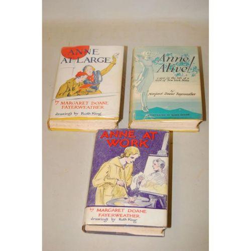 Fayerweather, Margaret Doane. A Group of 3 "ANNE" Books as Listed. New York: Robert M. McBride & Company, First Edition. 8vo - over 7¾" - 9¾" tall. Hard Cover. Good Condition. NOT EX-LIBRARY. All with Dust Jackets, showing edge chips/tears, in protective mylar jackets. All bindings & hinges tight. ***Anne Alive! A Year in the Life of a Girl of New York State. Forward by Eleanor Roosevelt. (1933). INSCRIBED & SIGNED BY THE AUHTOR on the ffp "Inscribed for Betty Struthers by her old friend, the author, Margaret Doane Fayerweather, January 17th 1934". With Betty Struthers bookplate. Illustrated by Robb Beebe. Front cover corners bumped, light foxing on prelims. ***Anne at Work, Illustrated by Ruth King (1935). Spine lightly sunned. ***Anne At Large, Illustrated by Ruth King (1934). Light foxing on prelims, covers show slight darkening at upper edges.
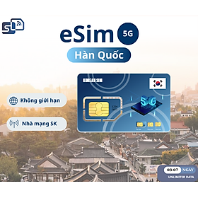 ✨eSIM du lịch Hàn Quốc – 3/5/7 Ngày, 1GB/2GB/3GB/ngày + Dữ liệu không giới hạn
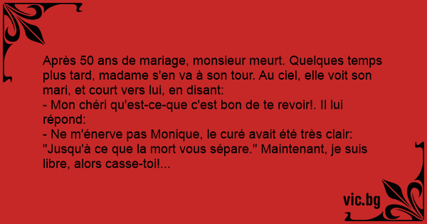 Dupa 50 de ani de casnicie el moare. La scurt timp moare si ea si ajunge in rai unde-l vede pe el. - Dragule, ce bine-mi pare sa te regasesc! - Lasa-ma-n pace! Contractul a fost foarte clar: "Pana...
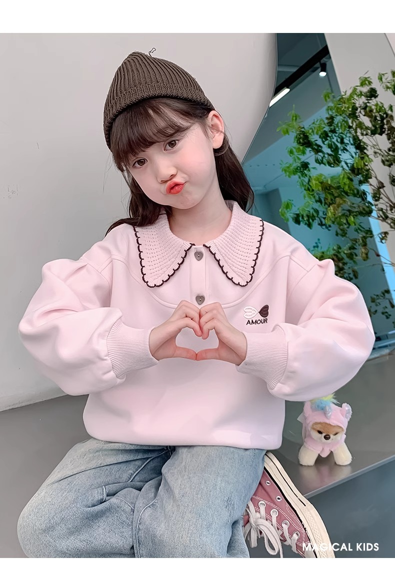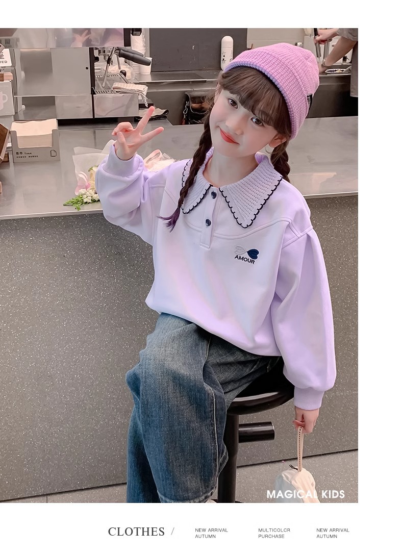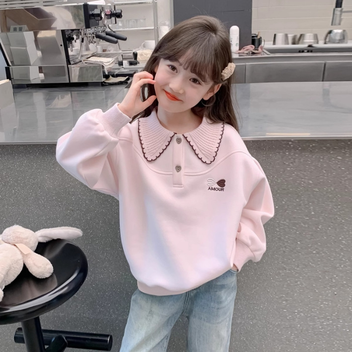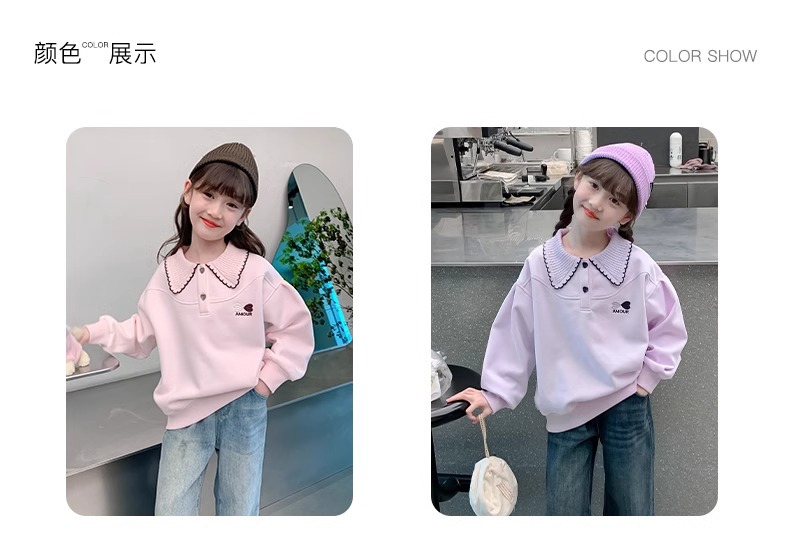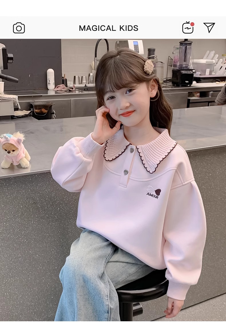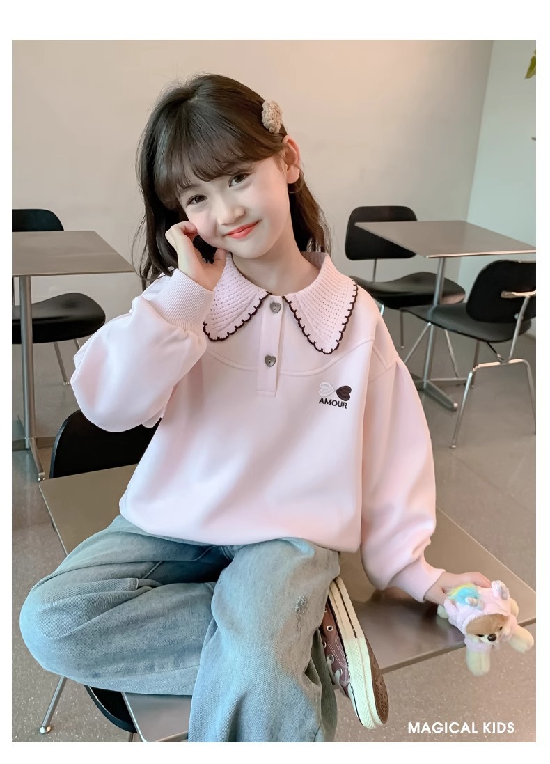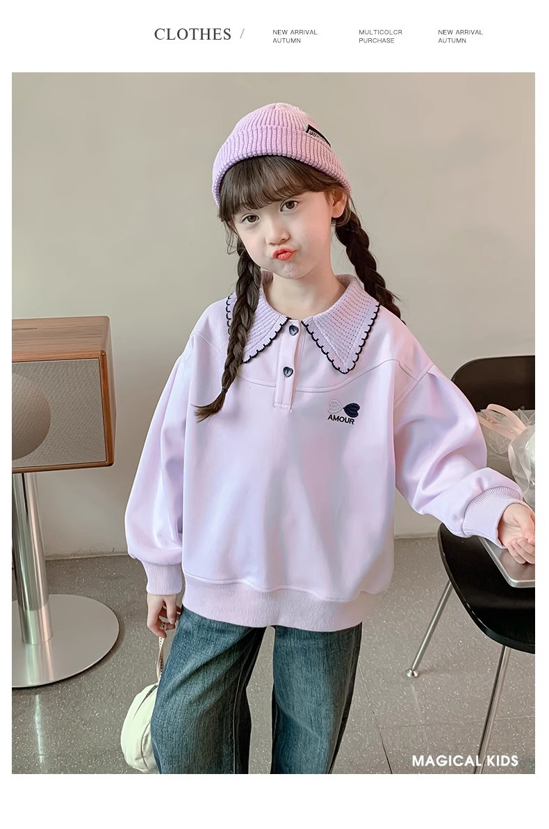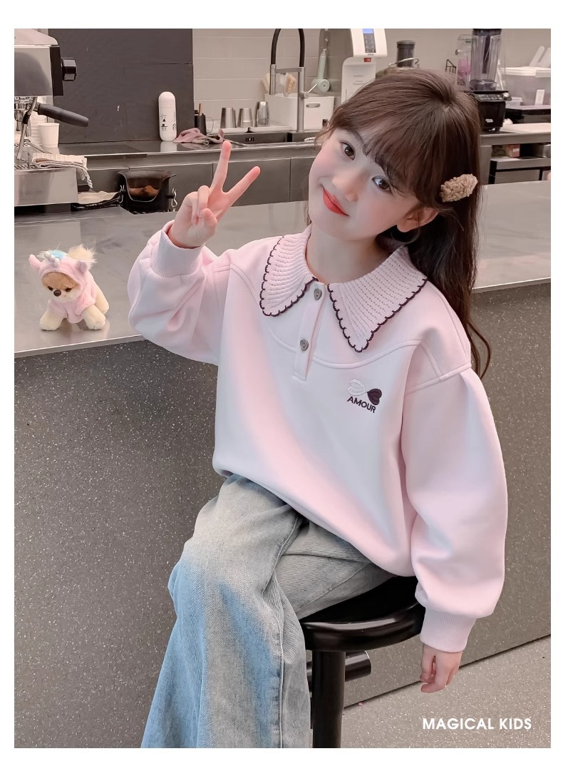 걸스 폴로 칼라 만화 중대 어린이를위한 올 매치 스웨트 셔츠 봄 새로운 서양 스타일 한국 느슨한 인형 칼라 풀오버스토어 가기
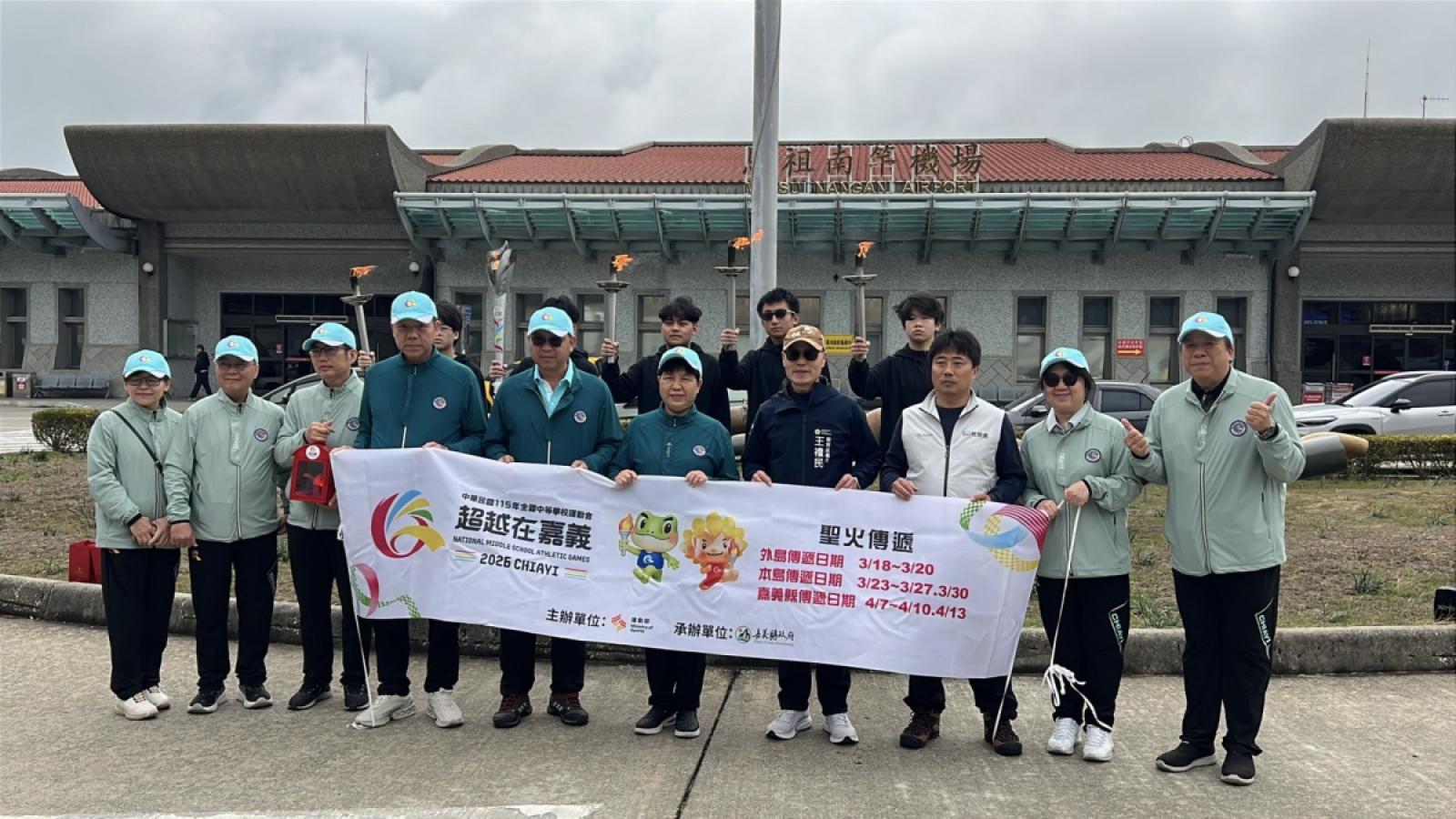【本報訊】115年全國中等學校運動會4月18日至23日在嘉義縣登場,15日引燃大會聖火後,首先前往金門、馬祖、澎湖三離島縣市。嘉義縣教育處長李美華、嘉義縣體育會理事長翁聰賢等人率聖火組抵達馬祖,並交由教育處長王禮民、馬祖角力隊完成聖火交接、傳遞任務,連江縣代表隊將由角力隊參賽。
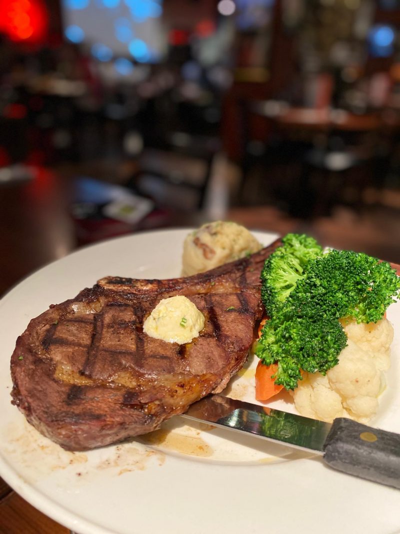454克烤肋眼牛排,搭配着香草牛油,马铃薯泥和新鮮蔬菜,回味无穷。
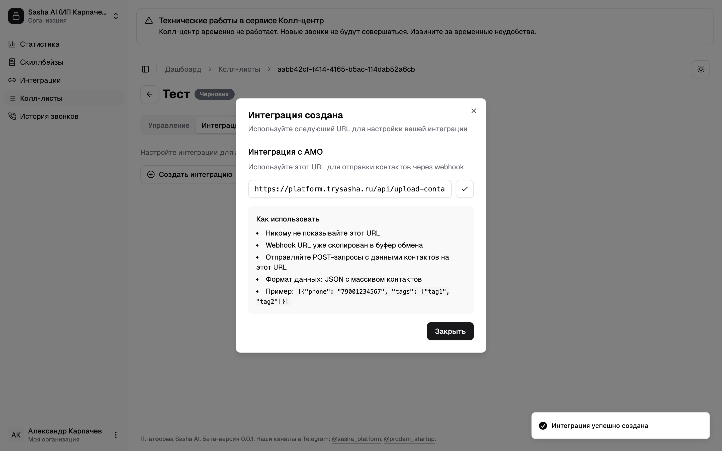 Перед вами откроется всплывающее окно с URL адресом созданного вебхука.

______________________________

EXERCISE REQUIREMENTS:
Output each entry exactly. Skip the pictures.

ANSWER TO THE EXERCISE:
 Fayerweather, Margaret Doane. A Group of 3 "ANNE" Books as Listed. New York: Robert M. McBride & Company, First Edition. 8vo - over 7¾" - 9¾" tall. Hard Cover. Good Condition. NOT EX-LIBRARY. All with Dust Jackets, showing edge chips/tears, in protective mylar jackets. All bindings & hinges tight. ***Anne Alive! A Year in the Life of a Girl of New York State. Forward by Eleanor Roosevelt. (1933). INSCRIBED & SIGNED BY THE AUHTOR on the ffp "Inscribed for Betty Struthers by her old friend, the author, Margaret Doane Fayerweather, January 17th 1934". With Betty Struthers bookplate. Illustrated by Robb Beebe. Front cover corners bumped, light foxing on prelims. ***Anne at Work, Illustrated by Ruth King (1935). Spine lightly sunned. ***Anne At Large, Illustrated by Ruth King (1934). Light foxing on prelims, covers show slight darkening at upper edges.
 ✨eSIM du lịch Hàn Quốc – 3/5/7 Ngày, 1GB/2GB/3GB/ngày + Dữ liệu không giới hạn
 Dupa 50 de ani de casnicie el moare. La scurt timp moare si ea si ajunge in rai unde-l vede pe el. - Dragule, ce bine-mi pare sa te regasesc! - Lasa-ma-n pace! Contractul a fost foarte clar: "Pana...
 걸스 폴로 칼라 만화 중대 어린이를위한 올 매치 스웨트 셔츠 봄 새로운 서양 스타일 한국 느슨한 인형 칼라 풀오버스토어 가기
【本報訊】115年全國中等學校運動會4月18日至23日在嘉義縣登場,15日引燃大會聖火後,首先前往金門、馬祖、澎湖三離島縣市。嘉義縣教育處長李美華、嘉義縣體育會理事長翁聰賢等人率聖火組抵達馬祖,並交由教育處長王禮民、馬祖角力隊完成聖火交接、傳遞任務,連江縣代表隊將由角力隊參賽。
454克烤肋眼牛排,搭配着香草牛油,马铃薯泥和新鮮蔬菜,回味无穷。
 Перед вами откроется всплывающее окно с URL адресом созданного вебхука.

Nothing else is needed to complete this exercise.